§ Aim of the task
With pictures left out, output exactly the lines of the listing below from the line that has "Розташована в селі" to the line that has "#yourSubject, dpDrea", both lines kept.

§ Records provided
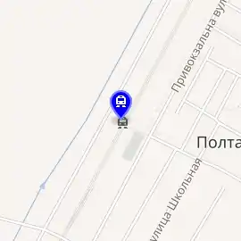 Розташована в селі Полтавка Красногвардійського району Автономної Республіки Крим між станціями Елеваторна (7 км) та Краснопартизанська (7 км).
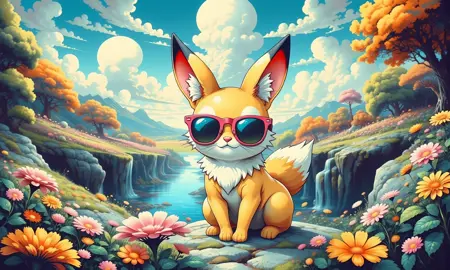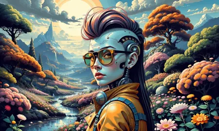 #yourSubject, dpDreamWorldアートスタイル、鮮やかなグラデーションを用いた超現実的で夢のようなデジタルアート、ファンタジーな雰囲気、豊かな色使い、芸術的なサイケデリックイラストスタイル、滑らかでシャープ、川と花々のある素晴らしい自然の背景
* * *
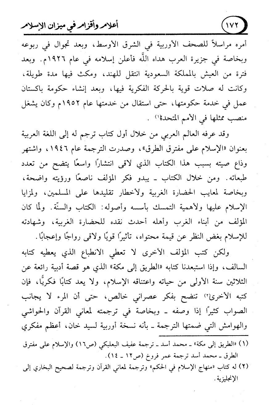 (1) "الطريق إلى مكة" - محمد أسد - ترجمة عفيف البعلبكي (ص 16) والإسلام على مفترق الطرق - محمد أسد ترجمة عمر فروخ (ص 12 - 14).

§ Output
 Розташована в селі Полтавка Красногвардійського району Автономної Республіки Крим між станціями Елеваторна (7 км) та Краснопартизанська (7 км).
 #yourSubject, dpDreamWorldアートスタイル、鮮やかなグラデーションを用いた超現実的で夢のようなデジタルアート、ファンタジーな雰囲気、豊かな色使い、芸術的なサイケデリックイラストスタイル、滑らかでシャープ、川と花々のある素晴らしい自然の背景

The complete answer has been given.